| Exercise |
Return each of the entries below precisely, with no pictures in the result.

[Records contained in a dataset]
**********
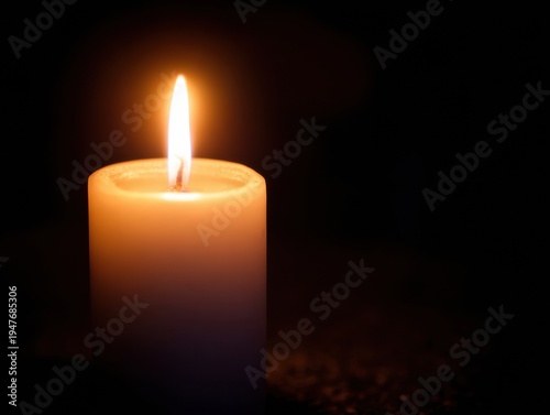 White candle burning in the dark for funeral and memorial services, glowing flame against black studio background with copy space for religious or sympathy branding
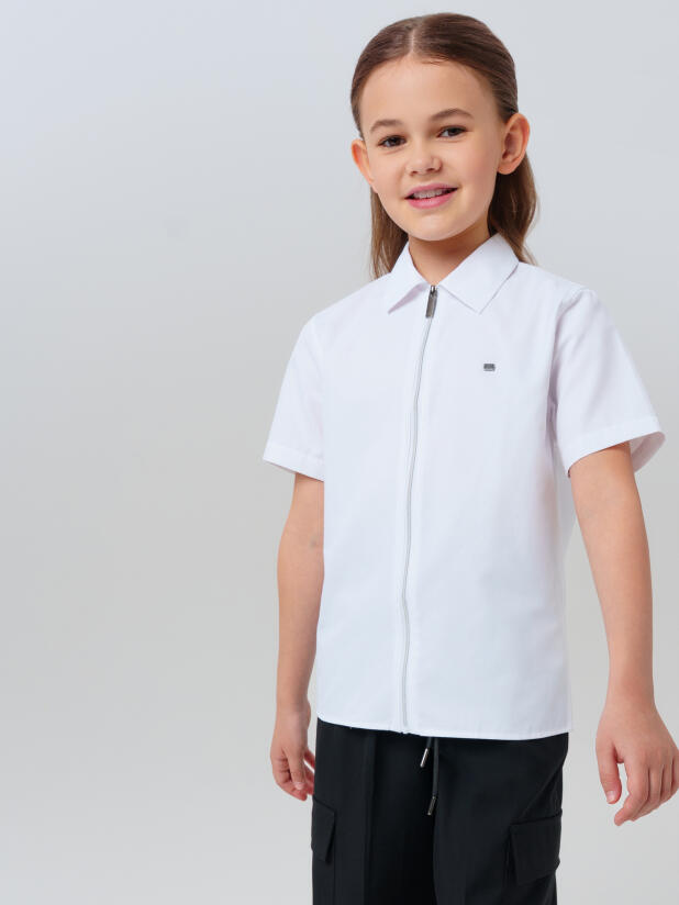 Свободный крой обеспечивает комфорт в течение всего дня, а удобная застёжка на молнии делает блузку практичной для самостоятельного использования. Модель отлично сочетается с любыми элементами школьной формы: юбками, брюками, сарафанами и жилетами от PlayToday.
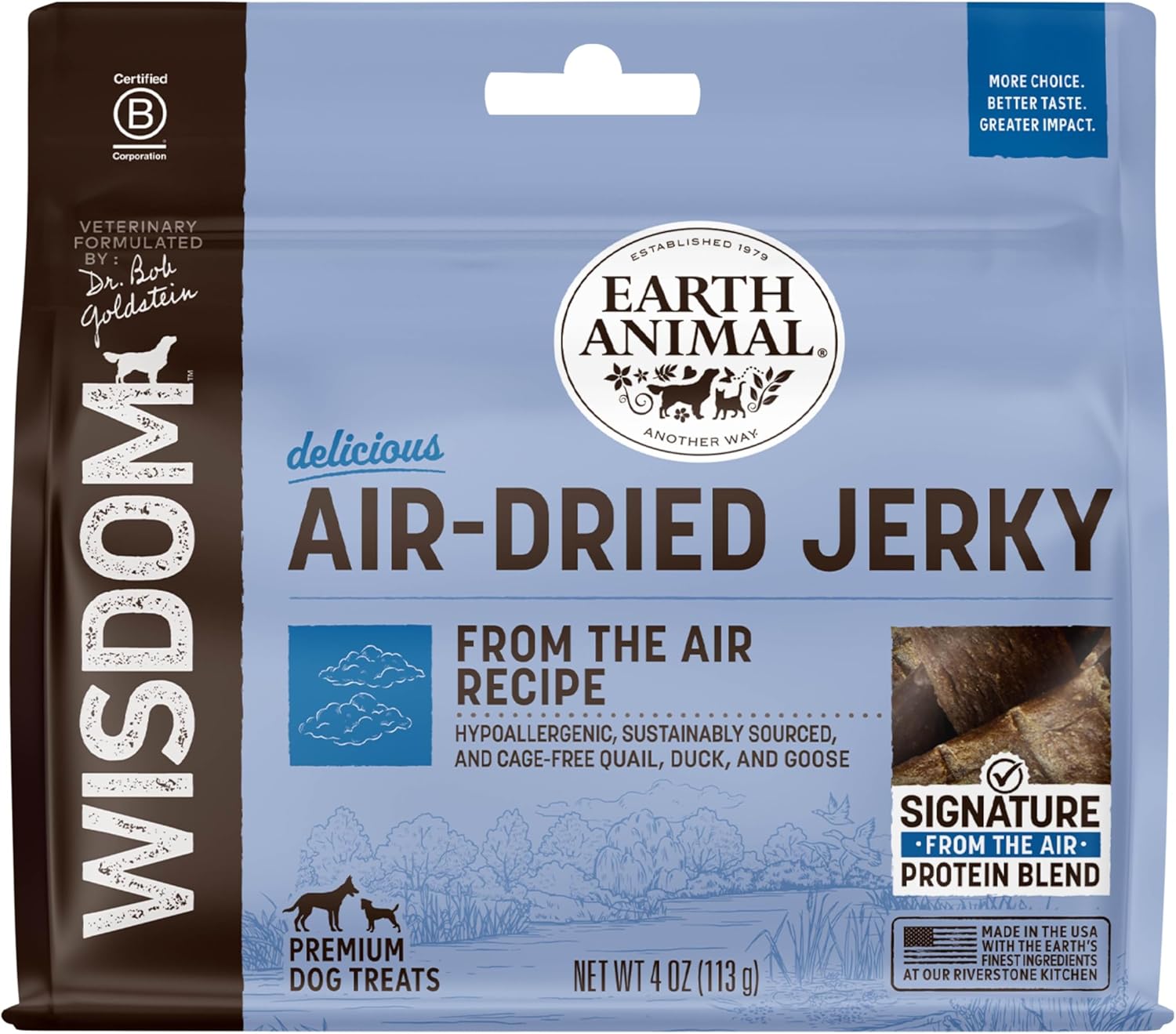 Earth Animal Wisdom Air-Dried from The Air Recipe Premium Natural Jerky Strips Dog Treats, 4 oz. Bag
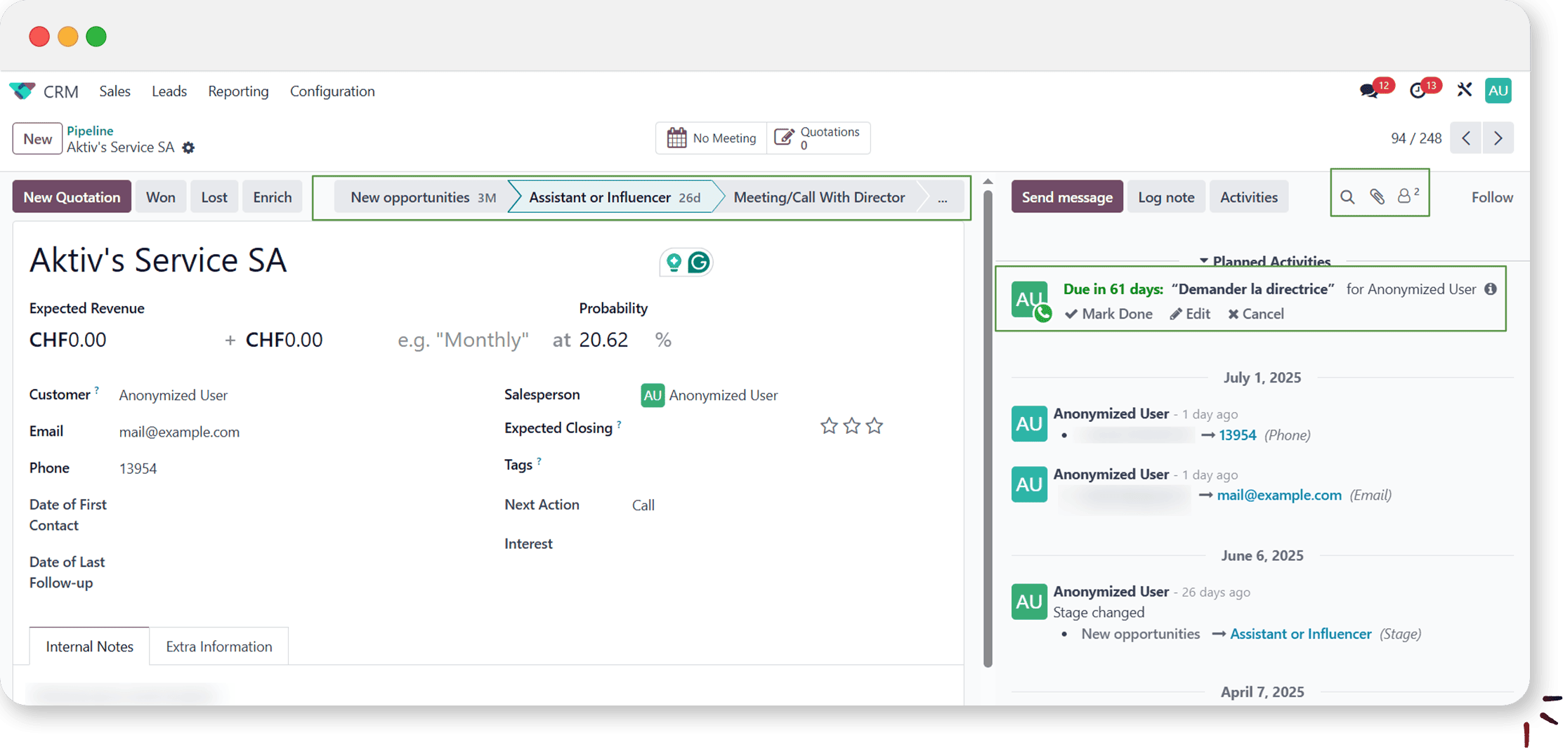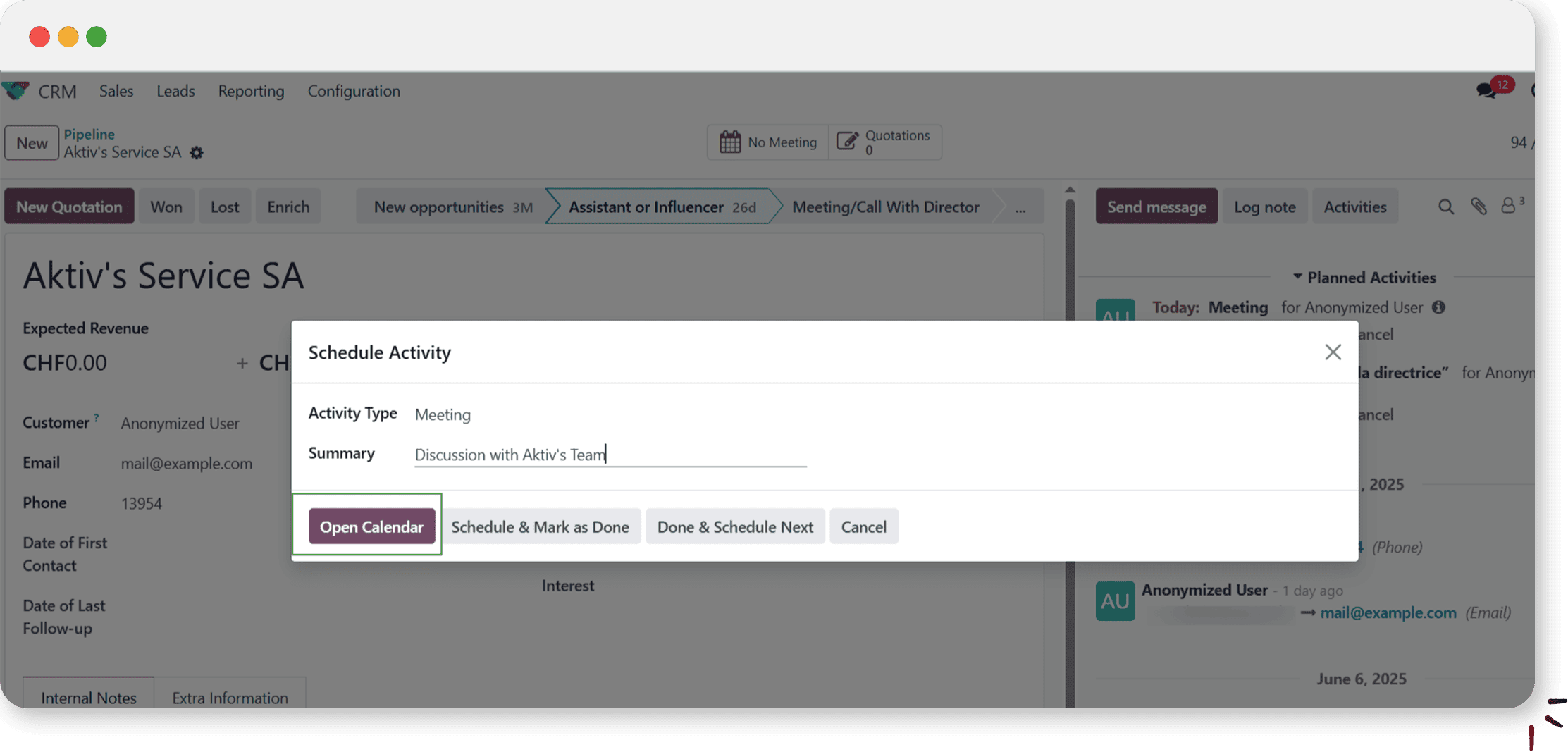 Start with Odoo’s built-in CRM to capture and track potential clients.
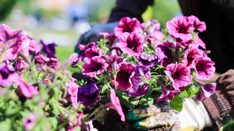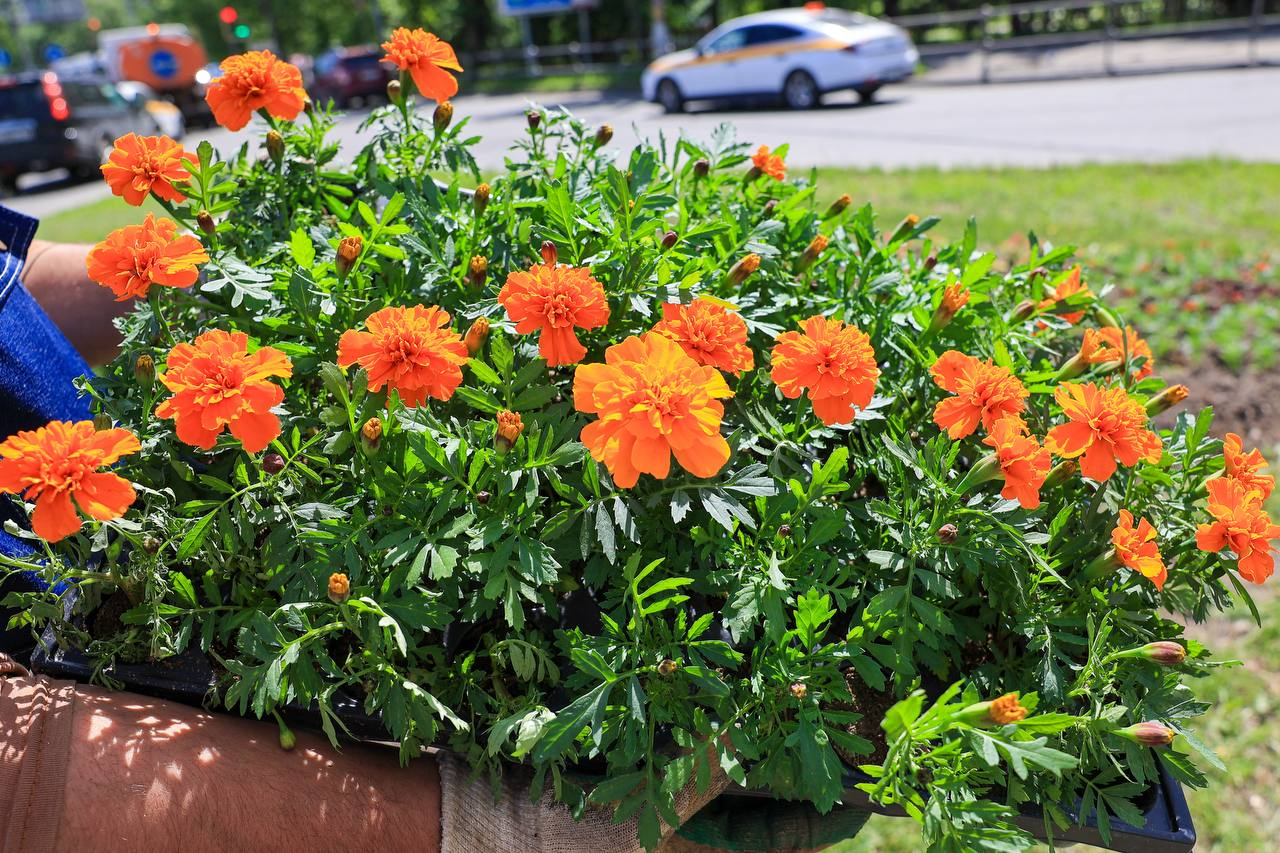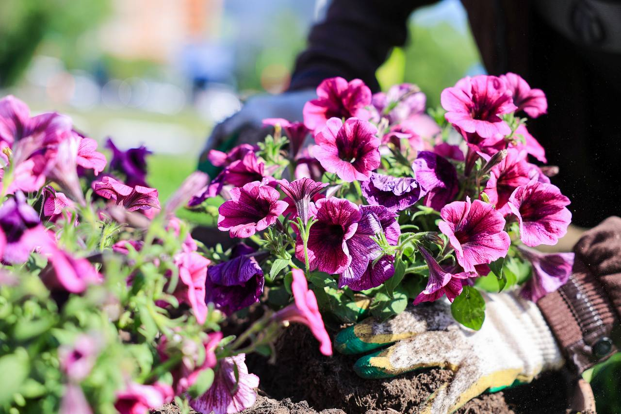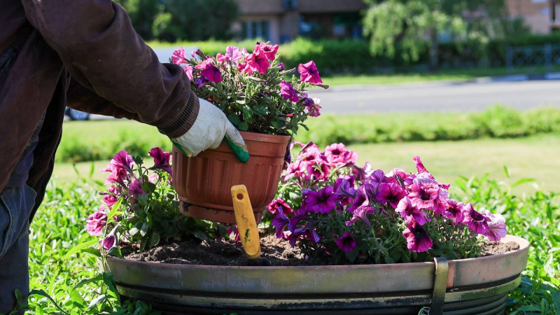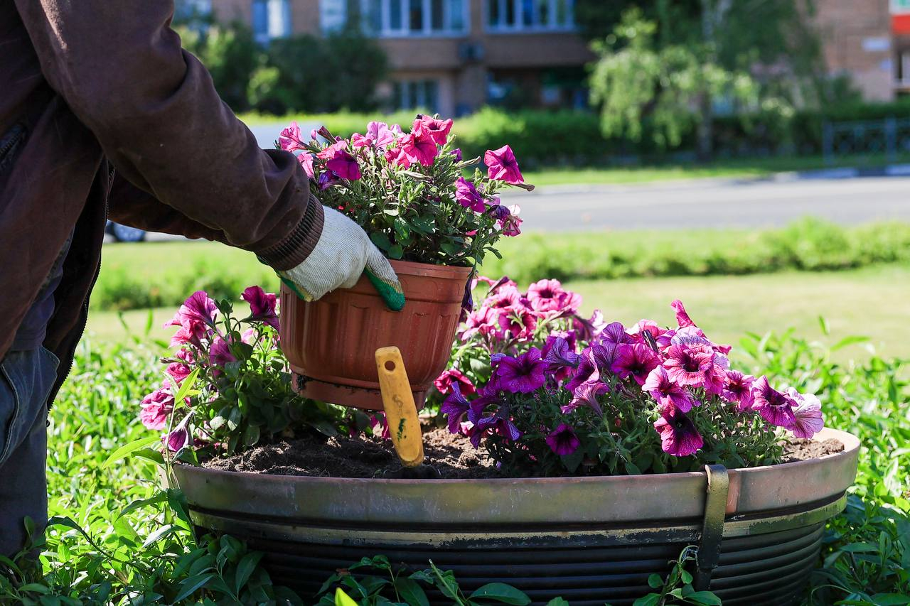 В апреле и мае глаз жителей и гостей округа радовали яркие тюльпаны. Сейчас наступило время их заменить — началась активная высадка летних цветов.
**********
| Written solution |
 White candle burning in the dark for funeral and memorial services, glowing flame against black studio background with copy space for religious or sympathy branding
 Свободный крой обеспечивает комфорт в течение всего дня, а удобная застёжка на молнии делает блузку практичной для самостоятельного использования. Модель отлично сочетается с любыми элементами школьной формы: юбками, брюками, сарафанами и жилетами от PlayToday.
 Earth Animal Wisdom Air-Dried from The Air Recipe Premium Natural Jerky Strips Dog Treats, 4 oz. Bag
 Start with Odoo’s built-in CRM to capture and track potential clients.
 В апреле и мае глаз жителей и гостей округа радовали яркие тюльпаны. Сейчас наступило время их заменить — началась активная высадка летних цветов.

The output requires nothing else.